Thursday, January 21, 2010

'Shadow Elite': Do You Know Whose Agenda You're Being Sold?

With the shadow elite, we don't know how and when we're being maneuvered.

Take, for instance, former Homeland Security secretary Michael Chertoff, who has taken to the airwaves virtually nonstop since Christmas day. Pushing for full body scanners as a cure-all for lax airport security, he revealed only belatedly that he also represents the only company to have initially qualified for the government contract to manufacture the full-body scanners. Before this came out, how would we have known if we were being directed to a certain viewpoint? The public had no way to sort this out because the public didn't know there was something to sort out. And even after the revelation, the public will likely remember Chertoff's warnings more than any caveat.

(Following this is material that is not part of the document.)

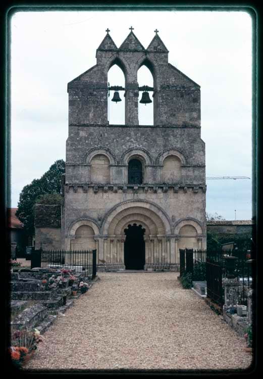Edifice roman du 12e siècle, composé d'une seule nef voûtée en berceau brisé, avec doubleaux retombant sur des colonnes engagées à chapiteaux sculptés avec personnages. La façade occidentale présente un pignon plus élevé que la nef et dont la partie haute, couronnée de trois gâbles surmontés de croix en pierre, est percée de deux baies à arcs ogifs contenant les cloches. De chaque côté, ces baies sont épaulées de deux demi pignons constituant le sommet du mur. Séparé de cet étage supérieur par un bandeau étroit, un autre étage est ajouré de trois baies plein cintre semblables dont la centrale, sous forme de fenêtre, éclaire la nef, les deux autres étant aveugles. Ces baies sont flanquées de deux colonnettes d'angle. La façade est percée d'une porte dont les colonnettes monolythes présentent des chapiteaux sculptés.

Or Ambassador Peter Galbraith. He engaged in insider self-dealing while supposedly serving an altruistic agenda for the Kurdish people. Galbraith, a longtime champion of Kurdish autonomy, has worn many hats vis-a-vis Iraqi Kurdistan in the last decade. He advised Bush's Deputy Secretary of Defense on Kurdistan and helped draft the Iraqi constitution. Presenting himself as a disinterested expert, he published opinion pieces in the New York Times, the Washington Post, and other outlets staunchly advocating Kurdish independence and the right of the Kurds to control oil resources in their region. At the same time, we now know, he acquired the potential to make up to $100 million in business dealings involving these same oil reserves. Even associates in Galbraith's non-business Iraq activities said they were unaware of his business goals. As one former Iraqi diplomat and legal advisor put it: "The idea that a foreign oil company was in the room drafting the Iraqi Constitution has me reeling....It casts a tremendous pall on the legitimacy of the process."

The public trusts such people for expertise about everything from the financial system and national security to health care reform and where we should keep our money. Meanwhile, the public, which tends to take these players at face value, much as they might be able to do in a small community, has virtually no way of knowing that the players have incentives to be less than impartial, much less means to do something about it. There is no real-time or almost real-time mechanism of information flow as there is in a small town. And the full range of flexian activity is almost always difficult to detect.

A democratic society looks to the media--a cornerstone of accountability--for such detection. Yet full (or any) disclosure of a flexian's array of affiliations may not be in the interest of a given media outlet. "Experts" like Chertoff and Galbraith are continually given air time without their relevant roles, relationships, and sponsors being fully revealed. Last Sunday the New York Times' public editor Clark Hoyt chastised these two, as well as two other players, for not revealing roles that might affect the impartiality of their public pronouncements. He also took to task the journalists who interviewed them for not asking for such information.

When attention is paid after the fact, the damage has already been done. The public has been influenced. For instance, the revelations about Galbraith are too late to avert bad PR. They give fodder to those, Iraqi or otherwise, who believe that the United States and its allies invaded the Middle East for oil.

To make matters worse, the public's acceptance of truthiness enables public figures to make whatever claims that suit them at the moment; track records vanish. My most recent favorite is "the economy is getting better." Not when one out of six people who want to work full time can't find a full time job. In today's world of 24-7 news, investigative journalism has virtually gone by the wayside and viewers' memories of the resumes of influencers they see on television dissipate into the here and now--because that's what counts in the truthiness society. [link to both my and Arianna blog on truthiness]

Until we find a way of creating a credible information system that holds flexians and flex nets accountable, these power brokers will only become more influential as the next generation of shadow elite gathers steam. Steadily, they will keep breaking down the walls of separation that were erected in the name of democracy.